Nonperturbative Mellin Amplitudes: Existence, Properties, Applications

TL;DR

This paper establishes that nonperturbative conformal field theory correlation functions can be represented by Mellin amplitudes, exploring their properties, applications, and implications for bootstrap bounds and holographic theories.

Contribution

It introduces a nonperturbative Mellin amplitude framework for CFTs, analyzing their properties and applying them to bootstrap bounds and holography.

Findings

Mellin amplitudes exist nonperturbatively for CFTs

Derived bootstrap bounds using dispersion relations and Polyakov conditions

Validated functionals with 3d Ising model data and holographic theories

Abstract

We argue that nonperturbative CFT correlation functions admit a Mellin amplitude representation. Perturbative Mellin representation readily follows. We discuss the main properties of nonperturbative CFT Mellin amplitudes: subtractions, analyticity, unitarity, Polyakov conditions and polynomial boundedness at infinity. Mellin amplitudes are particularly simple for large N CFTs and 2D rational CFTs.

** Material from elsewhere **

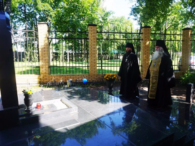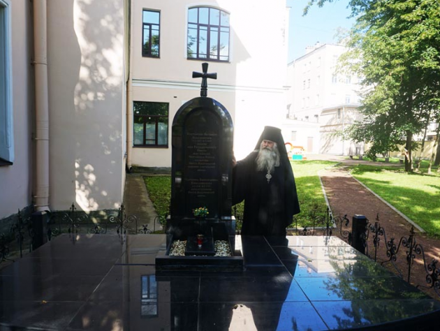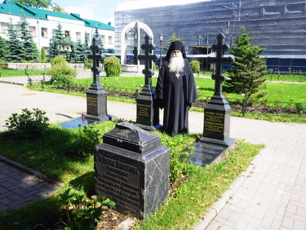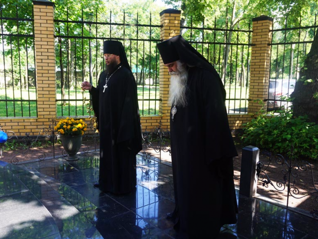 Архимандрит Тихон (Затёкин) сфотографировал надгробие и записал сохранившийся на нём текст, после чего совершил краткую литию по почившей настоятельнице Воскресенской обители.

We discuss these examples to illustrate our general discussion. We consider subtracted dispersion relations for Mellin amplitudes and use them to derive bootstrap bounds on CFTs. We combine crossing, dispersion relations and Polyakov conditions to write down a set of extremal functionals that act on the OPE data. We check these functionals using the known 3d Ising model OPE data and other known bootstrap constraints. We then apply them to holographic theories.